L’EROE CREMASCO A CUI LA CITTÁ DI ANCONA HA DEDICATO UN MONUMENTO ED UNA VIA PER IL SUO SACRIFICIO. ECCO CHI ERA, LA SUA STORIA E PERCHЀ Ѐ RICORDATO CON RICONOSCENZA

13 Ottobre 2021 Di Renato Crotti

La sera del 9 dicembre 1848, Giuseppe Garibaldi arrivò ad Ancona su un bastimento in cui si era imbarcato in incognito. L’eroe dei Due Mondi si recò al circolo patriottico anconetano, chiedendo l’adesione alla Repubblica Romana di imminente proclamazione. I patrioti dichiararono la loro volontà di sostenere la Repubblica, consapevoli del sicuro intervento a difesa del potere temporale del Papa delle due potenze cattoliche: Francia e Austria, con i loro potenti eserciti.

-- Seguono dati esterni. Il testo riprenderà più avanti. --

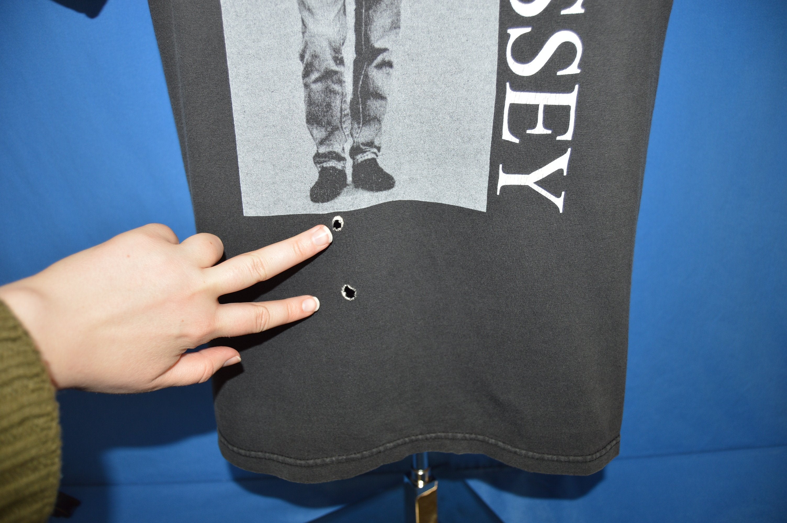 There are two holes on the front bottom and the shirt is slightly faded, but it is in otherwise excellent condition. See pics.

Alla proclamazione della Repubblica, infatti, papa Pio IX chiese l’aiuto degli austriaci, comandati dal feldmaresciallo Franz Wimpffen, per riprendere il possesso della Romagna e delle Marche.

Sono queste le premesse dell’assedio del 1849, con il quale Ancona rimase tra le ultime tre città, con Venezia e Roma, a continuare a resistere eroicamente durante la Prima guerra d’indipendenza italiana.

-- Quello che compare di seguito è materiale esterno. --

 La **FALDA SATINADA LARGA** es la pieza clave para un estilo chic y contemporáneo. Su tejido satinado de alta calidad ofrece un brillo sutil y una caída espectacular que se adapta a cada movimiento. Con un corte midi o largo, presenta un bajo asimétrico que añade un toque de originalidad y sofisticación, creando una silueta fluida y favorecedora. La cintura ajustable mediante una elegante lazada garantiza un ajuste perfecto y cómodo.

Ľ assedio austriaco durò 26 giorni (24 maggio-19 giugno). Vide contrapposti quattromila/cinquemila italiani a difesa della città e più di undicimila austriaci assedianti, coadiuvati da una flotta di sette navi che bloccarono il porto. Ancona, inoltre. poteva contare su una quantità di munizioni limitata, al contrario di quella delle forze assedianti.

Tra le pagine di eroismo si distinsero due valorosi: Antonio Elia ed il cremasco Giovanni Gervasoni, che è ricordato da un monumento eretto nel luogo della coraggiosa spedizione fuori dalle mura, in cui perse la vita, a Monte Marino.

A significare la grandezza delle sue gesta, la città di Ancona gli ha dedicato una via, sempre nel quartiere di Monte Marino. Il monumento oggi è un poco malridotto. Sarebbe un bel gesto se i comuni di Crema e Ancona, insieme, si facessero carico di rinverdire il ricordo e la memoria di questo valoroso combattente cremasco. Nemo propheta in patria.

Era la prima volta che Ancona era difesa, oltre che da tutti i cittadini maschi, anche da numerosi uomini provenienti proprio con questo scopo da ogni parte d’Italia. Molti giovani anconetani, nel frattempo, combattevano nell’Assedio di Roma e in quello di Venezia. Tutti questi fatti possono essere letti come segno della diffusione capillare dello spirito risorgimentale, che travalicava i confini cittadini e regionali, nell’ideale della patria comune.

Segno della partecipazione totale del popolo alla resistenza anti-austriaca fu anche il contributo delle donne, che si dedicarano alla cura dei feriti, e dei sacerdoti, che organizzarono il servizio del loro trasporto sino al luogo di cura.

Il 21 giugno, dopo un accesissimo dibattito, fu decisa la resa, contro il parere del comandante Zambeccari. Il numero dei difensori morti è difficile da stabilire, anche per la presenza di numerosissimi uomini non originari della città. Comunque, il numero è sicuramente superiore ai cinquecento.

I difensori della città consegnarono la Cittadella ed i forti. Quando gli austriaci entrarono in città, ai difensori di Ancona fu concesso l’onore delle armi dal loro comandante. L’occupazione austriaca, con il consenso pontificio, proseguì per dieci anni.

Dopo l’Unità d’Italia, in occasione del cinquantenario, Ancona venne insignita della medaglia d’oro come Benemerita del Risorgimento nazionale per l’eroismo e l’attaccamento agli ideali di libertà e di indipendenza dimostrati nel 1849.